After a narrow loss to President-elect Joe Biden in Georgia, Trump claimed that the election results had been rigged and were fraudulent, attacking the Georgia governor, Brian Kemp, and Secretary of State, Brad Raffenspergerboth Republicansfor defending their oversight of the election. Just this past weekend, recordings of Trump harassing Raffensperger over the phone to find more Republican votes to win the Georgia election were released, much to the chagrin of fellow Republicans. 

Trump’s accusations of voter fraud also possibly discouraged Republican voters from participating in what they were told would just be another rigged election, and pro-Trump lawyers Lin Wood and Sidney Powell even went as far as to urge a boycott of the runoffs. Despite the ruckus he stirred up in Georgia, however, Trump didn’t really help Loeffler or Perdue’s campaigns much beyond a few tweets and rallies. 

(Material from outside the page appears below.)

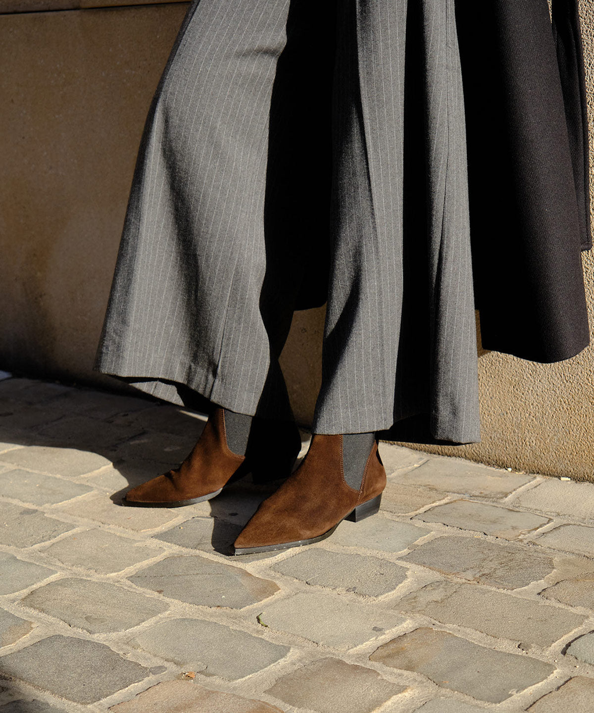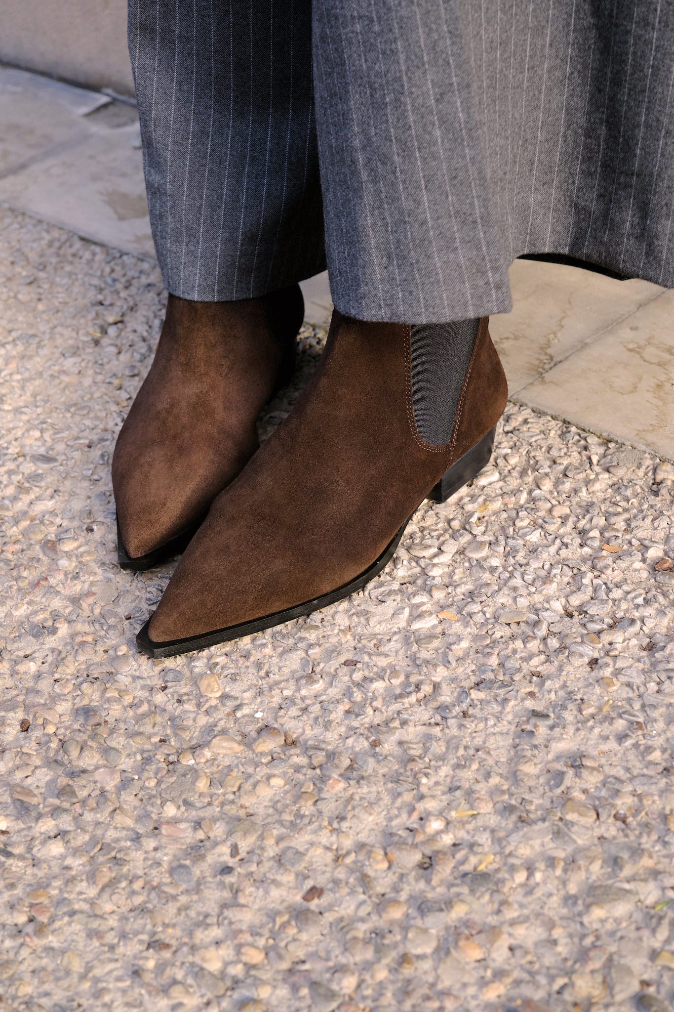 El modelo NEGADE es un botín de mujer de tipo chelsea de caña baja con tirador trasero para calzar fácilmente. Diseñado con punta fina y suela gruesa marcada, combina estilo urbano y comodidad, siendo un calzado versátil y moderno.

With the damage done and both Senate races lost, several Republicans have already begun pointing fingers: some calling for the Trump-appointed Republican National Committee chair Ronna McDaniel to resign, others lambasting Senate Majority Leader Mitch McConnell’s blockage of the Trump-backed $2000 stimulus bill, and more denouncing the president for not backing local Republican efforts enough. Still others have also accused the president of overstepping and undermining Georgia Republicans.

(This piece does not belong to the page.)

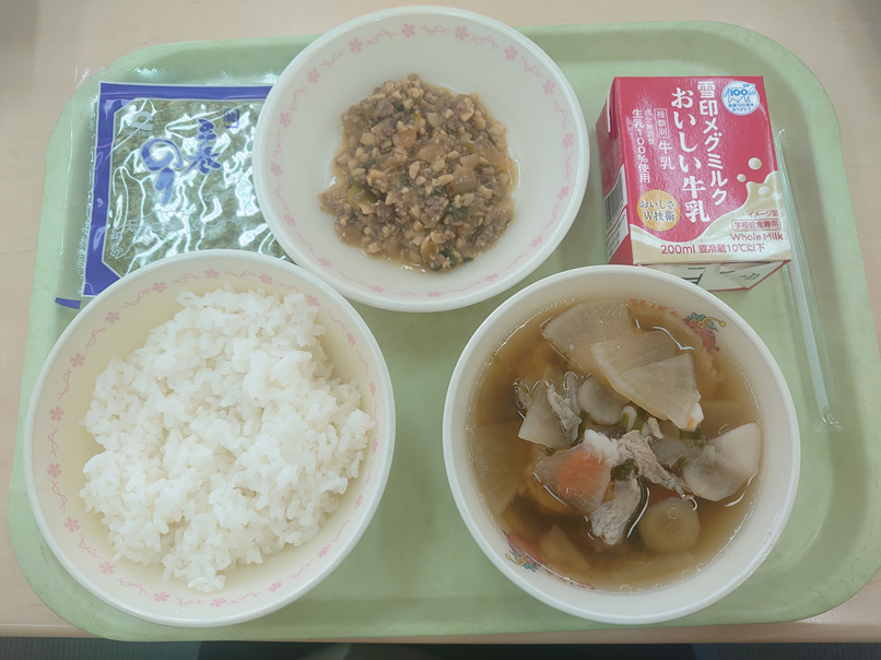 11月10日の給食 今日の給食 2025.11.11 ☆ごはん☆肉みそ納豆☆手巻きのり☆のっぺい汁☆牛乳 納豆は、蒸した大豆にナットウ菌をつけて発酵させたものです。給食では、ひき肉やねぎと一緒にひきわり納豆を炒め、赤みそやトウバンジャンなどで味付けします。手巻きのりにその具とごはんを一緒にのせて食べます。納豆が苦手でも食べやすい味付けになっています。 Post Views: 11

Trump “is the Dems’ best base animator. Look at how high turnout was on their side compared to historical trends. Look at how much their candidates raised,” one Republican strategist told Politico, referring to record turnout and spending in both the presidential and November Senate races. “He steps back after Election Day and denies them that oxygen. He didn’t.”

The implications of Wednesday’s election results go beyond just the two newly-Democrat seats at face value. For Democrats, they spark a renewed hope and lay down a road to brighter prospects for the future. For Republicans, they illuminate the deep conflicts and long-term damage a Trump presidency has caused. 

“This should not be close. This should not be a conversation for us at this point,” former RNC chairman Michael Steele said in a MSNBC appearance. “We should be going for beers right about now because the evening would have been over. And the reality of it is, it’s not, because of what this president has done to the Republican Party.”